ASSIGNED TASK:
The line with "Minneshögtidlighålla er första" starts the range, and the last line of the listing ends it. Retype that range exactly, without pictures.

SOURCE DATA:
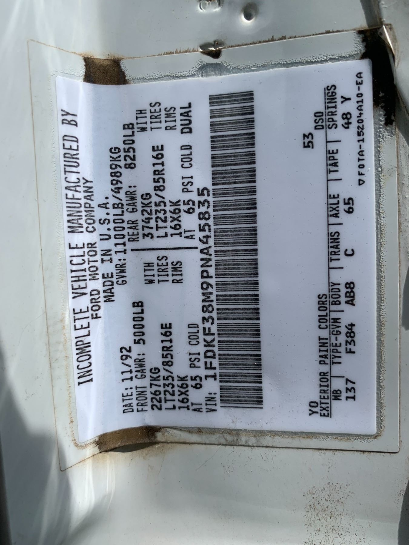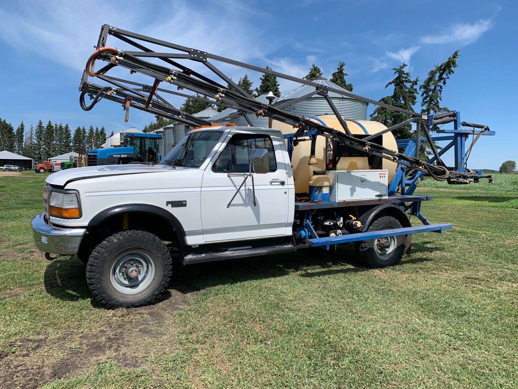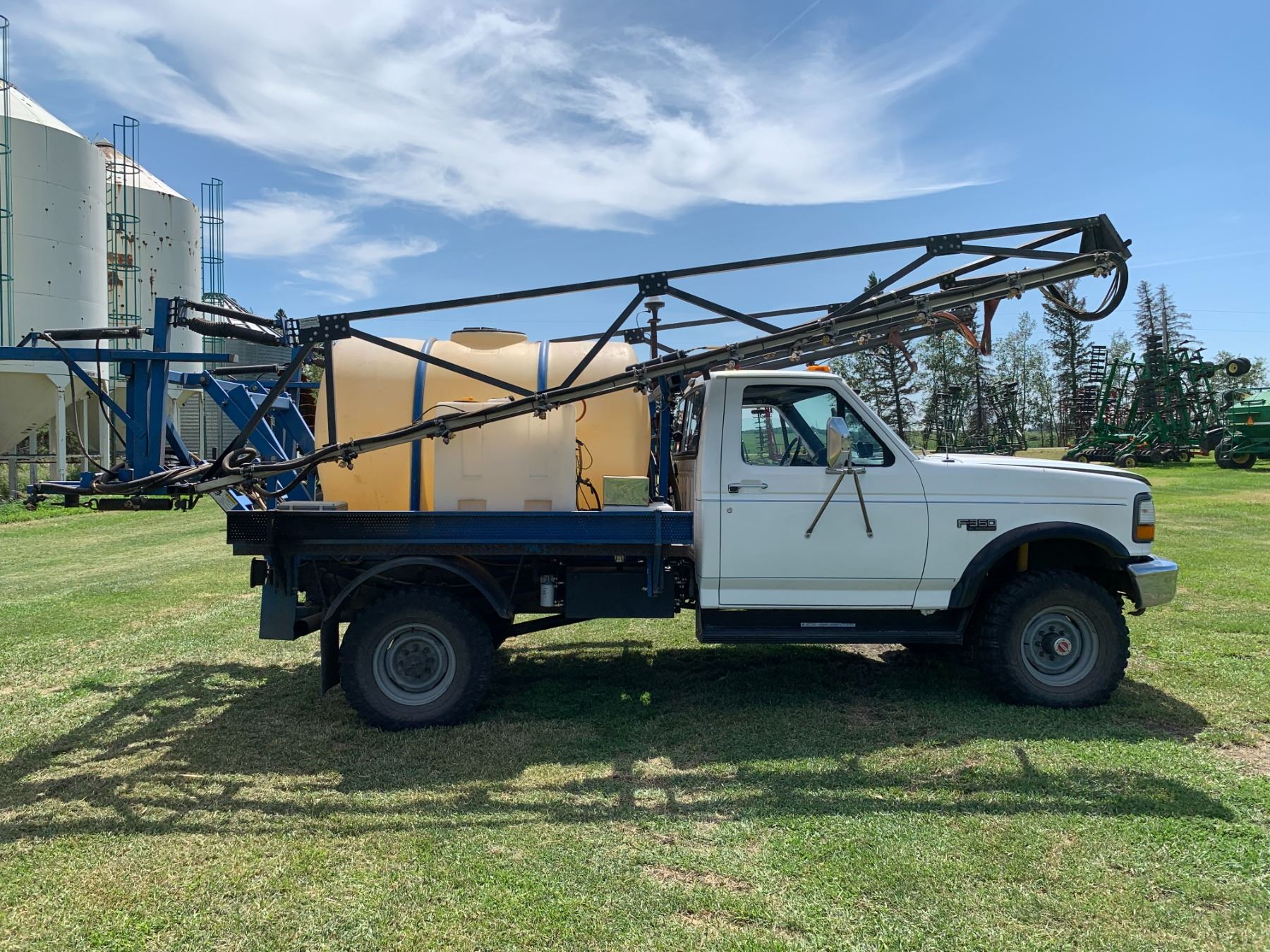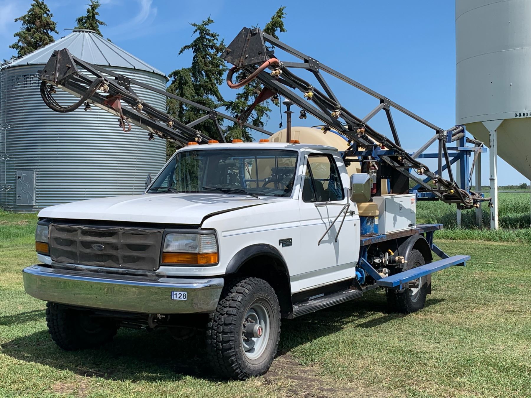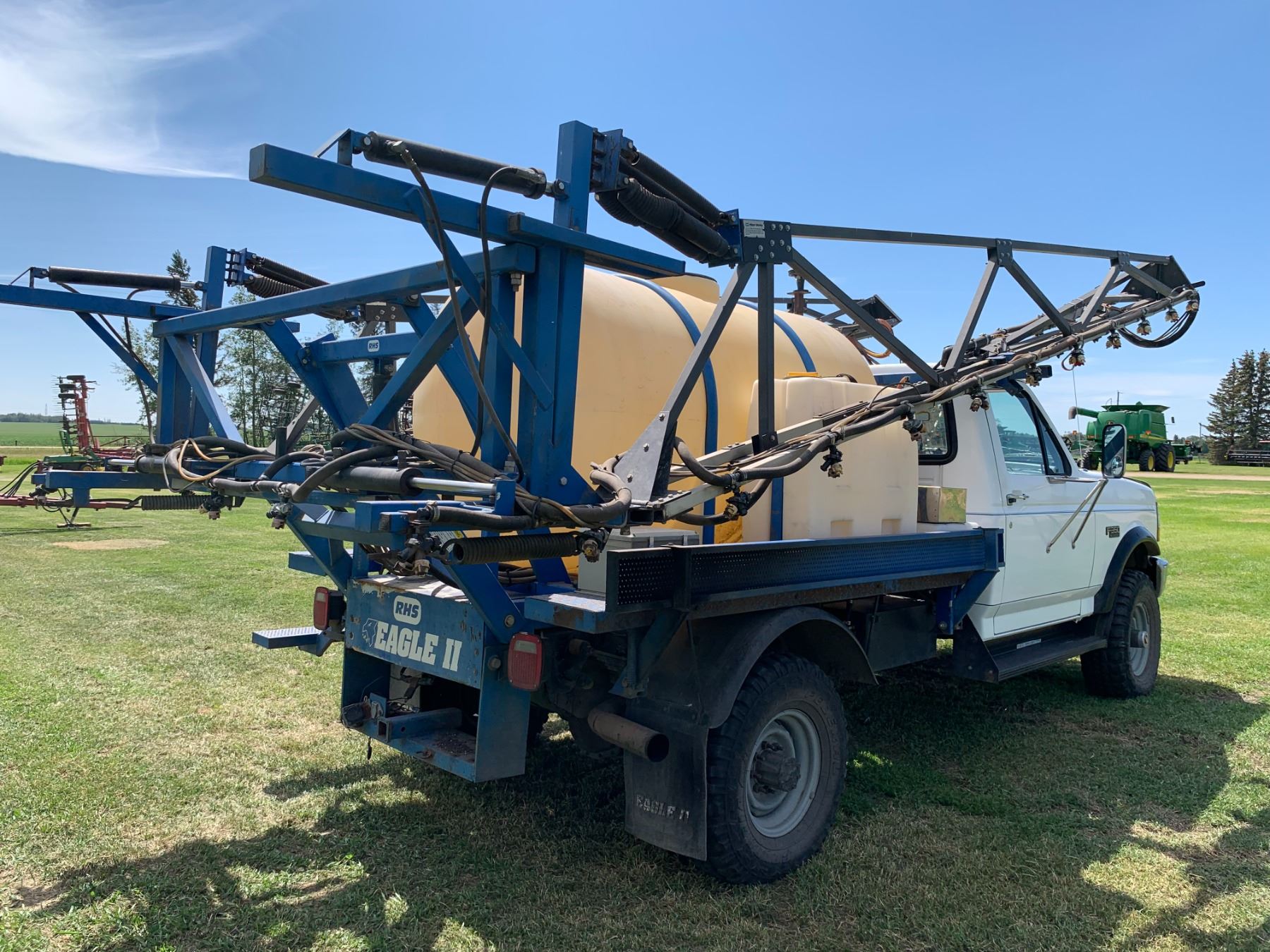 1993 Ford F350 RHS EAGLE II TRUCK SPRAYER, showing 39,773 km, LT285/75R16 tires, SN. 1FDKF38M9PNA45835, 3,578 hrs, 60 ft, 7.3 Diesel, Standard Trans, orig. owner, shedded, 550-gal tank, triple nozzle, oversize rad, Outback lightbar, 30-gal rinse tank & foam marker, new batteries
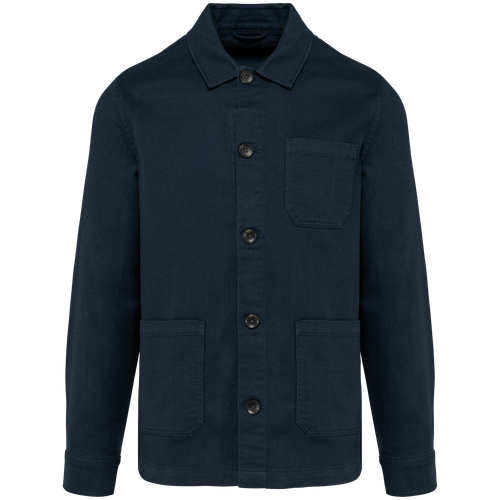Esta chaqueta cuenta con una tapeta y puños con botones de tipo cuerno, así como un bolsillo de parche en el pecho y dos bolsillos adicionales en la parte inferior, todos con pespunte de refuerzo en las esquinas. El cuello elegante y los puños con botones de plástico reciclado añaden un toque de sofisticación. Además, el forro de la parte superior incluye un parche de personalización de algodón a tono, lo que permite una personalización fácil y rápida. El efecto lavado y la ausencia de etiqueta de marca en el cuello hacen que cada chaqueta sea única y especial.
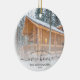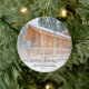 Minneshögtidlighålla er första jul i ert nya hem med denna vackra moderna keepsaksprydnad. Grått-texten från kol lyder "Första julen i vårt nya hem" med ord "nya hem" i handskriftsskript i elegant med blommor före och efter. Byt ut exempelbilden mot ett foto av ditt nya hus och lägg till familjens efternamn. Ett vitt övertoningsfilter hjälper till att göra så att texten visas.
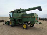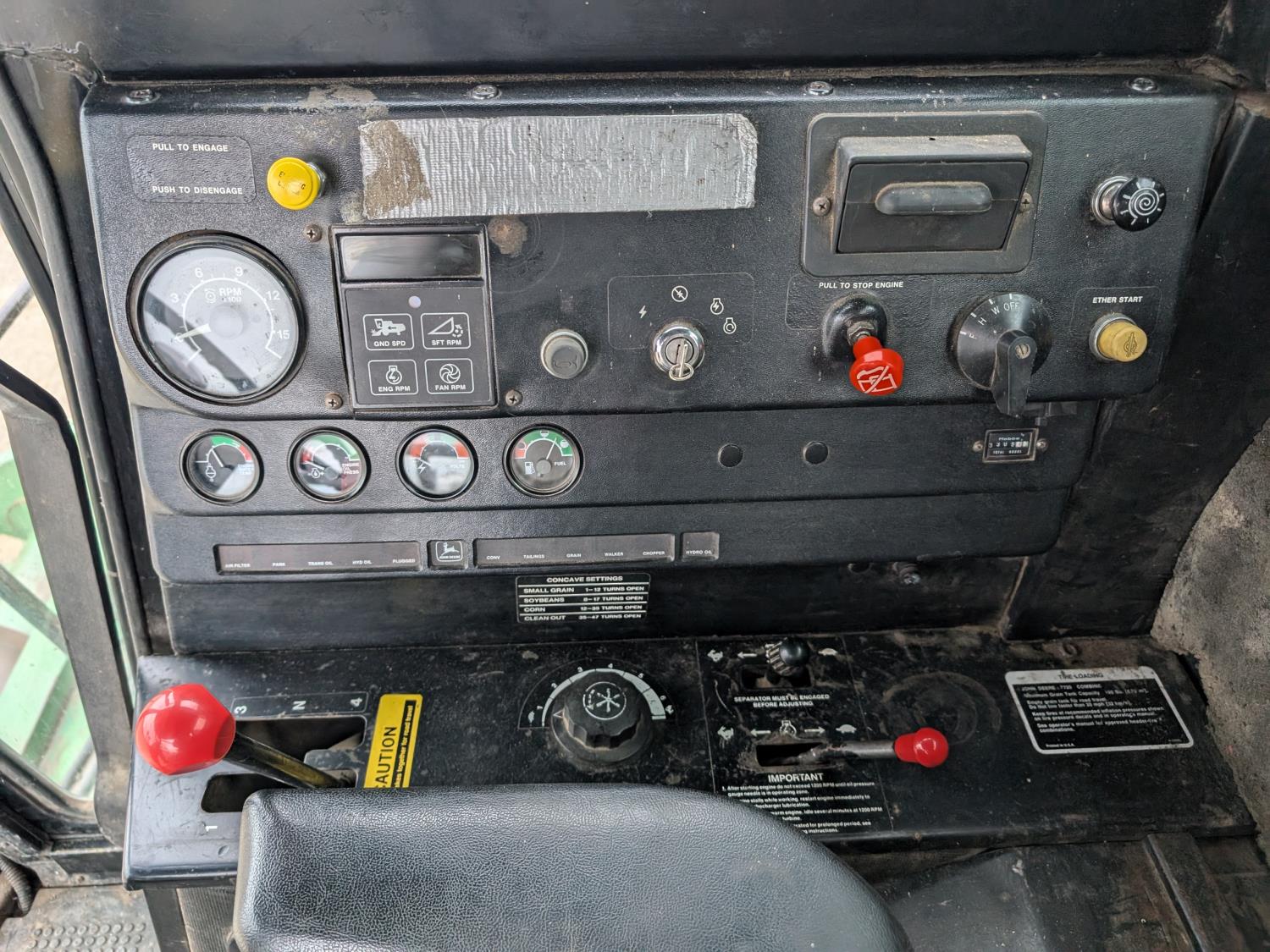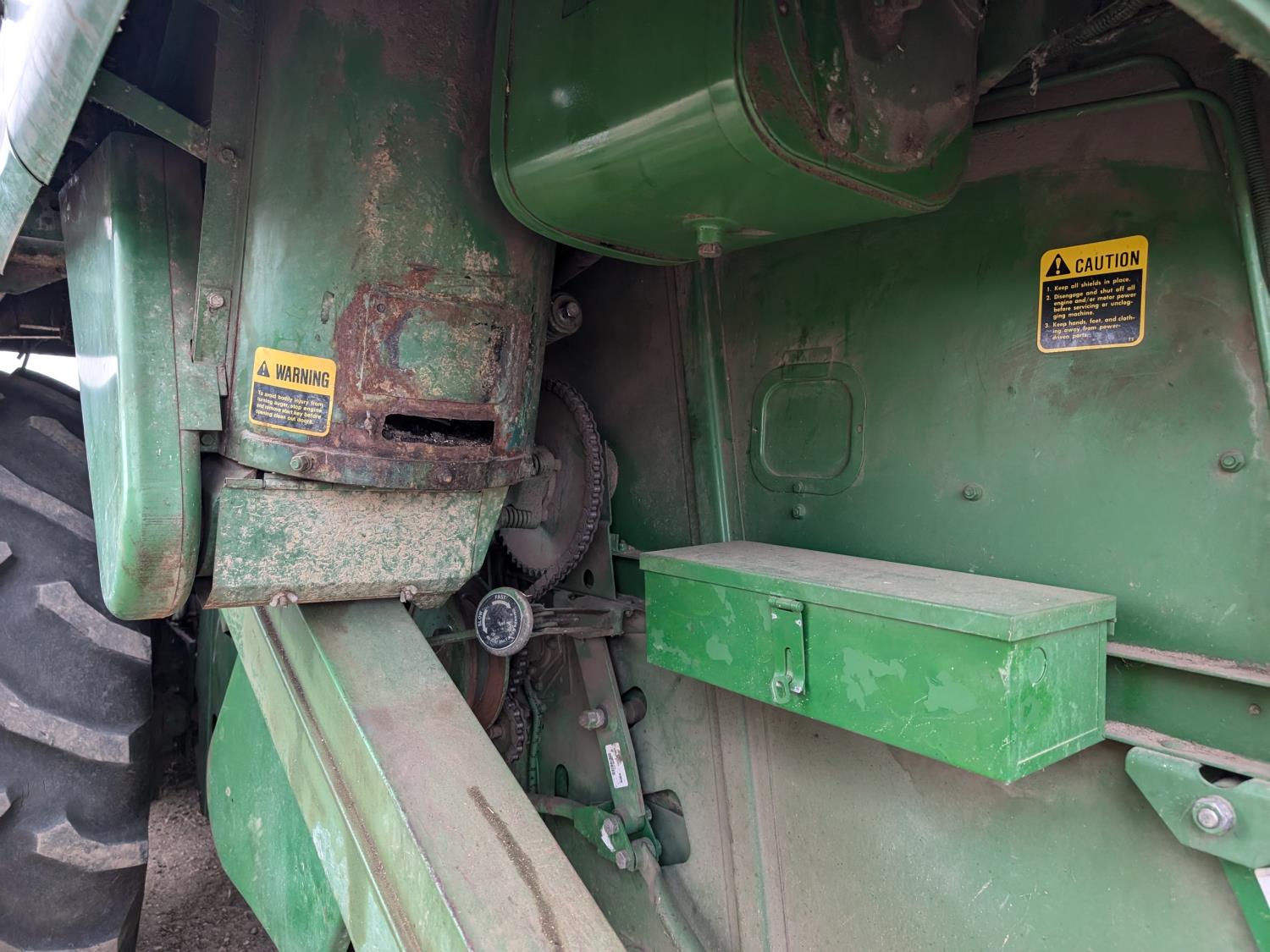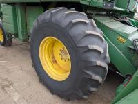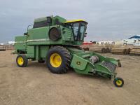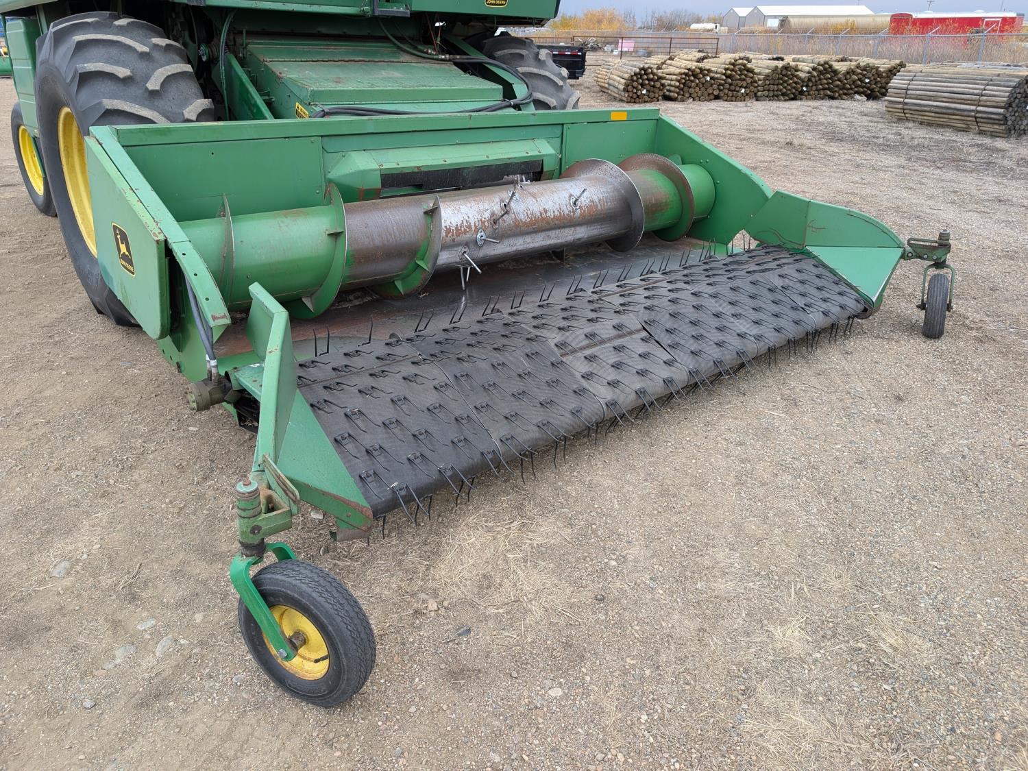 John Deere pick-up header, variable speed reel, rock trap, yield & moisture, chopper, grain tank extensions, hydrostatic drive, A/C, radio, 24.5-32 front tires, 11.25-24 rear tires

RESULT:
 Minneshögtidlighålla er första jul i ert nya hem med denna vackra moderna keepsaksprydnad. Grått-texten från kol lyder "Första julen i vårt nya hem" med ord "nya hem" i handskriftsskript i elegant med blommor före och efter. Byt ut exempelbilden mot ett foto av ditt nya hus och lägg till familjens efternamn. Ett vitt övertoningsfilter hjälper till att göra så att texten visas.
 John Deere pick-up header, variable speed reel, rock trap, yield & moisture, chopper, grain tank extensions, hydrostatic drive, A/C, radio, 24.5-32 front tires, 11.25-24 rear tires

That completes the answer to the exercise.